The commission also granted Wisconsin Electric Power’s request for clarification, ruling that MISO must allocate SSR costs to the load-serving entities that require the operation of the SSR units for reliability. FERC said it agreed with Wisconsin Electric’s concern that MISO’s method for cost allocation “can produce results that are not consistent with MISO’s Tariff or cost-causation principles.”

PATH Ruling on RTO Adder Affirmed

The commission denied Potomac-Appalachian Transmission Highline’s (PATH) request for rehearing of a November 2012 order denying the transmission developer continued application of the 50-basis-point incentive for membership in PJM (ER12-2708-002, ER09-1256-001).

The commission said that PATH — a joint venture formed by American Electric Power and Allegheny Energy (now FirstEnergy) to build a $1.8 billion transmission line between West Virginia and Maryland — was no longer eligible for the adder after PJM canceled the project in 2012.

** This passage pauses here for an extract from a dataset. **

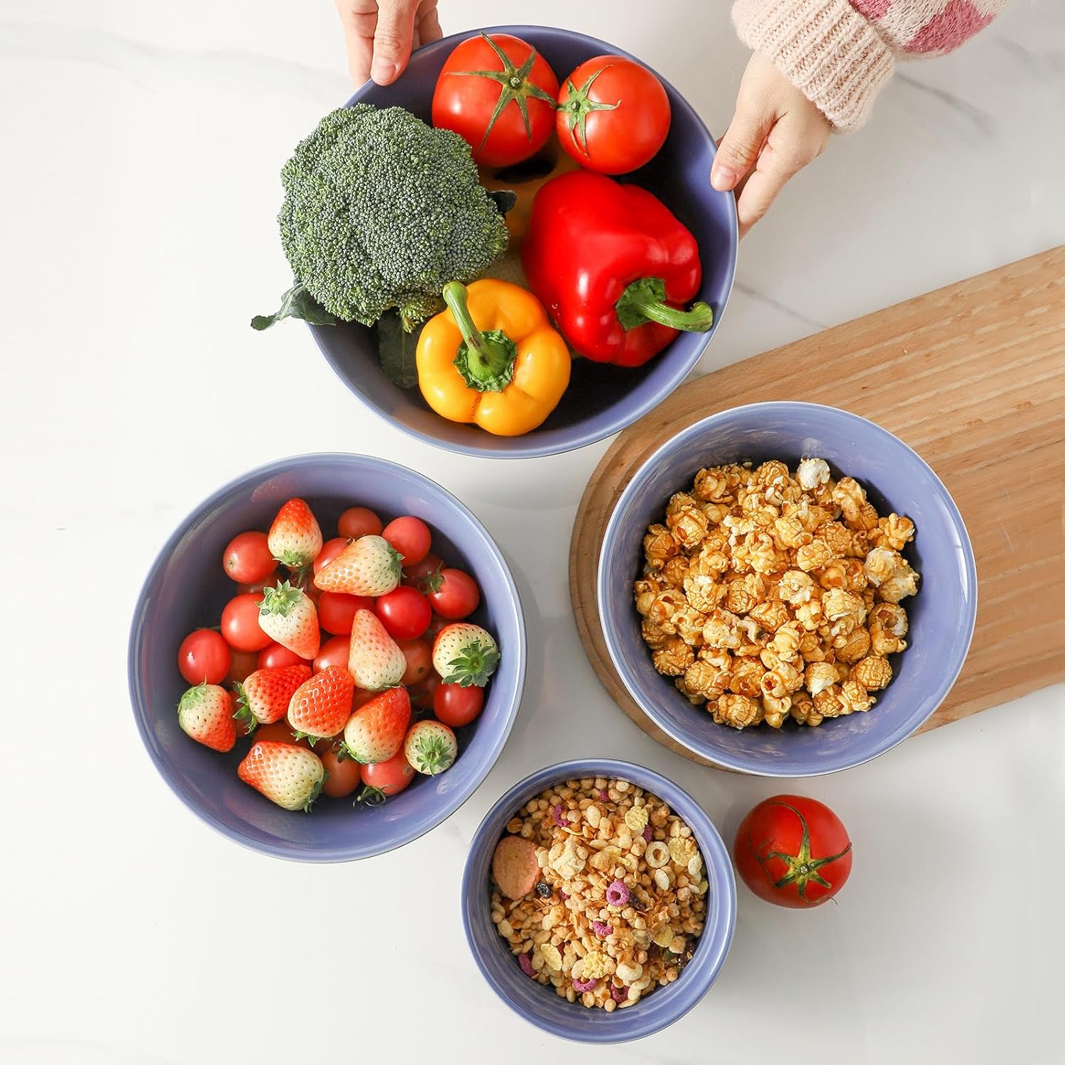 Hasense Porcelain Mixing Bowls Set, Large Serving Dishes for Entertaining, 2.1/1.5/1.0/0.5 Qt Nesting Serving Bowls for Cooking Salad Baking Popcorn, Dishwasher Microwave Safe, Set of 4, Purple

The commission said its earlier order was consistent with existing policy, denying PATH’s complaint that it had acted retroactively.

In September, a FERC administrative law judge recommended the developers be denied recovery of more than $10 million of their $121.5 million project recovery claim. The judge recommended the commission deny recovery of lobbying and advertising costs as well as part of their legal costs and losses on the sale of the property they acquired.

The commission, which can accept the recommendations in whole or in part, has not acted on the ruling. (See FERC ALJ Rejects $10 Million in PATH Transmission Project Recovery.)

— Amanda Durish Cook and Rich Heidorn Jr.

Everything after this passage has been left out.